Hastings Law Journal


Traditionally, courts have refused to compensate disappointed bargainers for reliance costs incurred prior to the formation of a bargained-for contract. Although these results could be justified under the economic assumptions that prevailed in the late nineteenth and early twentieth centuries, they are wholly inapposite to the structure of modem contracting. Negotiations for complex or long-term transactions often proceed incrementally today, with each party learning more at successive stages before making a final decision whether to commit. Under current law, a promisor may require a promisee to make significant, transaction-specific precontractual investments (sunk costs), profit from the information produced by those investments, and yet avoid all liability should the projected deal fall through.

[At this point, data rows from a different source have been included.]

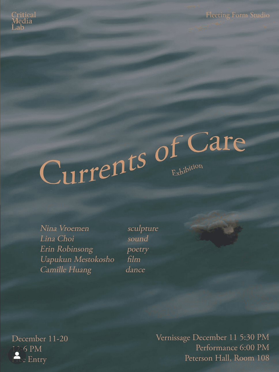 Presented at McGill’s Critical Media Lab, this exhibition moves through art, environmental history, and speculative practice to reflect on waterways as sites of both rupture and regeneration. Artists and research-creators explore the poetics of care in times of ecological crisis, foregrounding the fullness and abundance of water life-worlds amid narratives of scarcity and inanimacy. Through video, installation, sound, and text, Currents of Care invites audiences into imaginative engagements with water that defy linear time and instrumental valuation.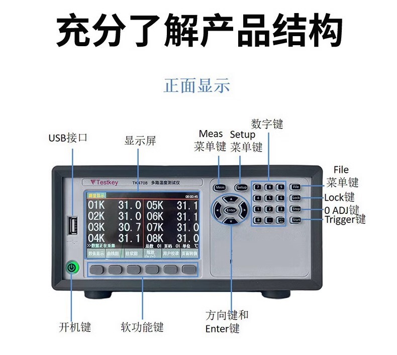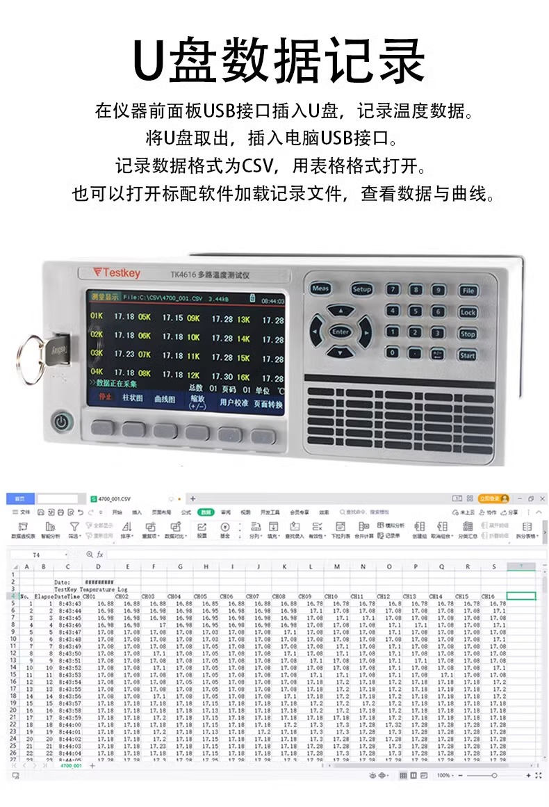 Безбумажный регистратор TK4708 Многоканальный термометр
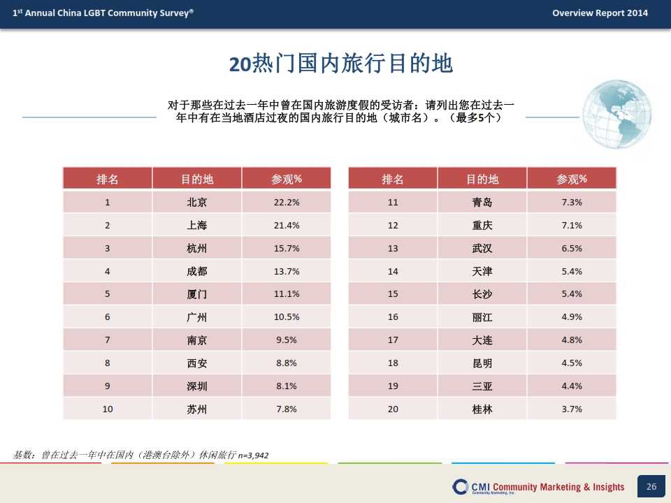 女同/双性恋者在国内和国外旅游的比例都高于男同/双性恋者。68%的女同/双性恋者和53%的男同/双性恋者在过去12个月里有过至少一次在国内(不包括港澳台)的休闲旅游经历。中国LGBT最喜爱的旅游目的地是北京、上海、杭州、成都和厦门。近几十年来旅游一直是国际粉红经济的重要组成部分,本届调查表明中国具有类似情况。↓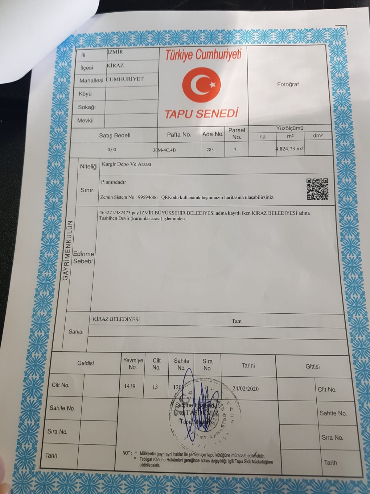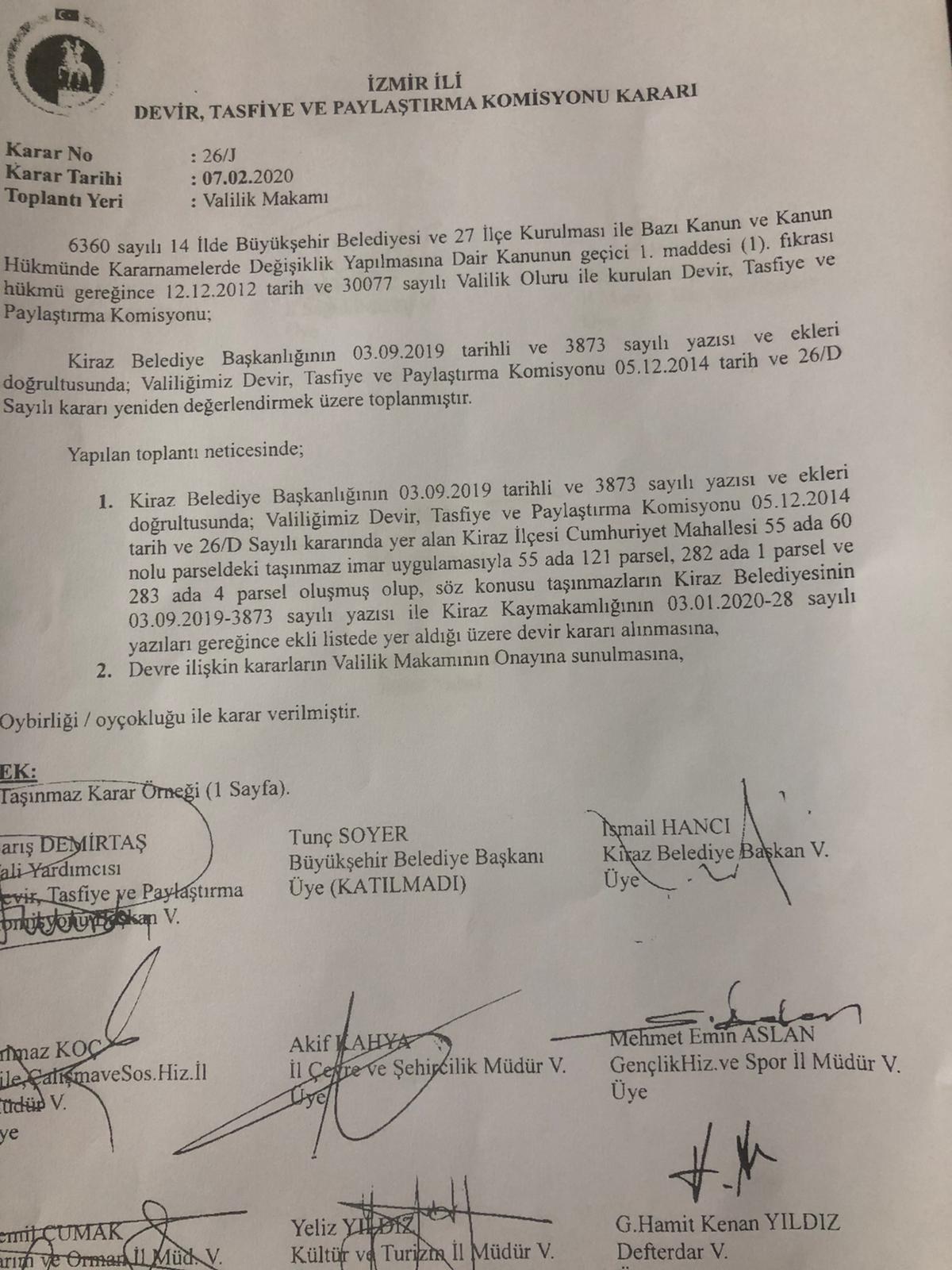 Ancak arsanın tapusu Kiraz Belediyesine devredildikten sonra İzmir Büyükşehir meclisinin gündemine ilginç bir başkanlık önergesi geldi. Önergede toplam alanı 4 bin 827 metrekare olan arsanın 4 bin 632 metrekaresinin İzmir Büyükşehir Belediyesine ait olduğu, kalan 192 metrekarelik Kiraz Belediyesine ait kısmın da kamulaştırılması için meclisten yetki talep ediliyordu. Bunun üzerine Ak Parti Meclis Üyesi Hakan Yıldız, sözü edilen arsanın tamamının İzmir Valiliği Devir Komisyonu tarafından Kiraz Belediyesine verildiğini belirterek, arsanın tamamının Kiraz Belediyesine ait olduğuna dair tapuyu Başkan Soyer ve meclis üyelerine gösterdi. Mecliste yaşanan tartışmaların ardından İzmir Büyükşehir Belediye Başkanı Tunç Soyer, bu önergenin gündemde bırakılmasını oyladı ve önerge yeniden değerlendirilmek üzere oy birliği ile komisyona geri gönderildi.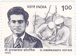 Dwarakanath Shantaram Kotnis (10 October 1910 in India – 9 December 1942), also known by his Chinese name Ke Dihua (Chinese: 柯棣华; pinyin: Kē Dìhuá), was one of the five Indian physicians dispatched to China to provide medical assistance during the Second Sino-Japanese War in 1938. Known for his dedication and perseverance, he has been regarded as an example for Sino-Indian friendship and collaboration.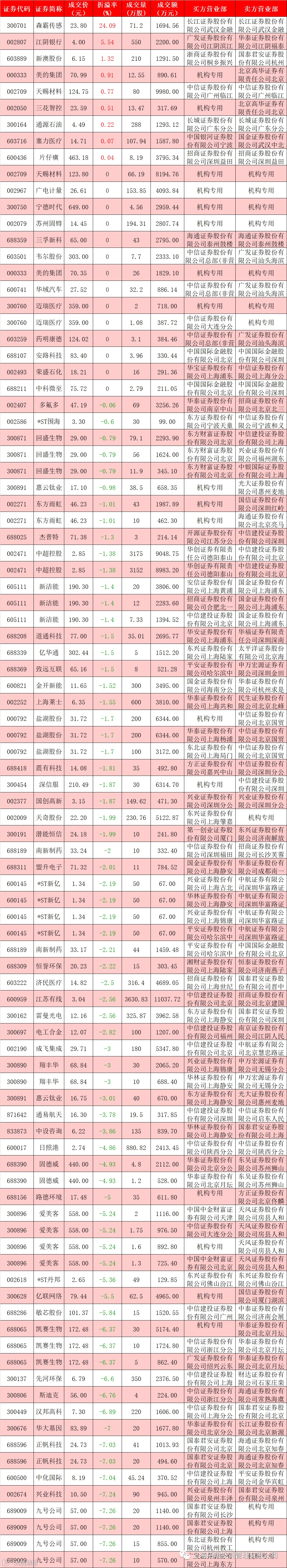 I 每日大宗交易数据统计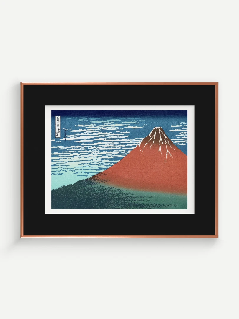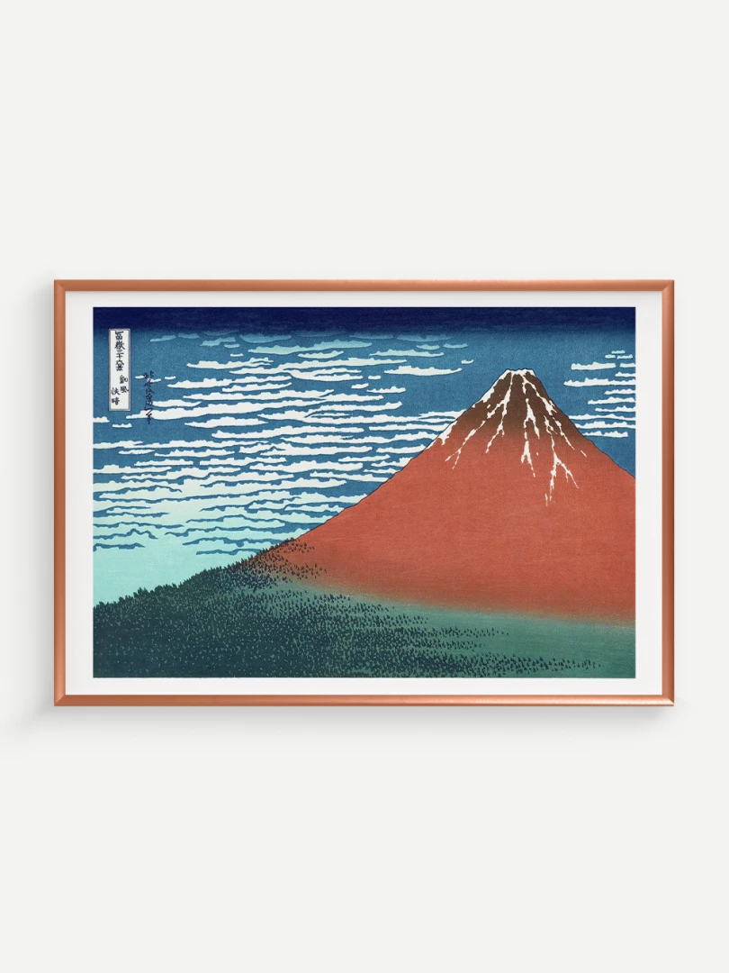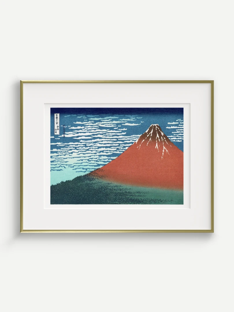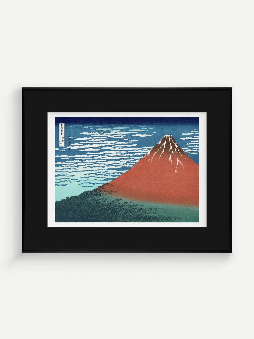 Tento nádherný umelecký print patrí do slávnej série „Tridsaťšesť pohľadov na horu Fudži“, ktorá je jednou z najvýznamnejších umeleckých reprezentácií konkrétneho miesta v dejinách umenia. Hokusai v tomto diele zachytil horu Fudži v rannom svetle letného dňa, keď sa jej svahy zafarbujú do sýtych odtieňov červenej pod vplyvom vychádzajúceho slnka.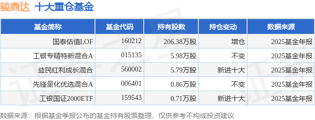 重仓骏鼎达的公募基金请见下表:

In this Article, Professor Kostritsky proposes a new approach to this problem. Drawing from a model of bargaining behavior based on transaction cost economics, relational theories of contracting, and other economic insights, she argues that courts should impose a new default rule, enforcing the substance of an implicit bargain under which the promisor bears liability for the promisee's sunk costs. She demonstrates that most parties themselves would prefer such a rule because its total costs are lower than the costs of its alternatives: various private devices and alternate legal rules fail to encourage optimal prebargain reliance investments, and thus provide less efficient results. The proposed default rule, Professor Kostritsky concludes, provides a more sound and determinate justification for prebargain liability than do other approaches, would lead courts to reach better results, and would allow parties in negotiation to structure their relationships at a minimum total cost.